What we have here is the basis of a shallow embedding of the Epigram 2 kernel in Agda, up to a point. The definitional equality of Epigram 2 (with stuff like proof irrelevance) is rather more generous than the Agda model can offer, but the propositional equality theory is the same in both cases. The plan is that every Epigram 2 kernel term can be expressed in the Agda model, at the cost of inserting explicit appeals to coercion where once definitional equality sufficed. Fortunately, coercion by plausible equations always computes under constructors, so the extra coercions don’t interfere with the basic βδι-reduction (ordinary computation by function application, definition expansion and pattern matching).
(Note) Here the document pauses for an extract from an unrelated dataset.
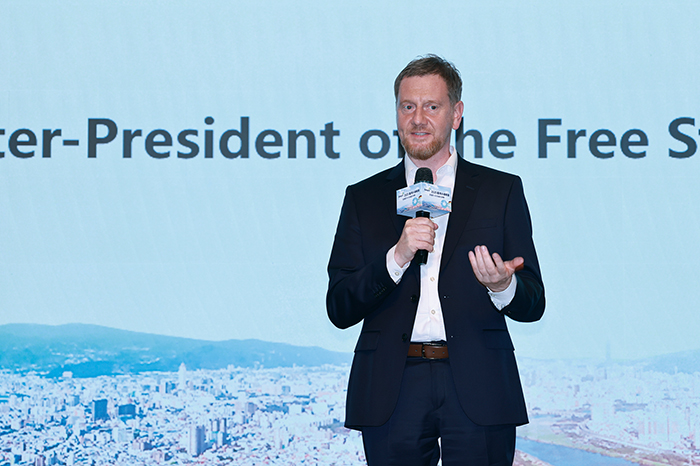 德國薩克森邦邦總理Michael Kretschmer在專題演說中,為與會者帶來永續概念的歷史溯源。他指出,永續(Sustainability)觀念在薩克森邦由來已久,如三百多年前,薩克森礦業先驅就在礦山中領悟到,不能為了發展礦業,而砍光所有樹木,「我們應該只取用,自然中還能再生的部分」, Kretschmer直言:「這個原則在300年前是對的,現在仍然正確」。

We should thus be able to conclude that either Epigram 2 evaluation is terminating, or that Agda’s in trouble too.
The coercion implementation is conspicuously lazy in the proof of equality, except when refuting falsehoods. Correspondingly, the only way we can lose canonicity is if the system is inconsistent. But everything we’re doing here can be modelled (less computationally) in Extensional Type Theory, so consistency seems quite likely.
It was bloody as hell, but I’ve modelled a cumulative hierarchy of extensional universes. The real deal isn’t nearly so bloody, but this construction gives some clue as to how to argue that the system we’re going for might actually make sense.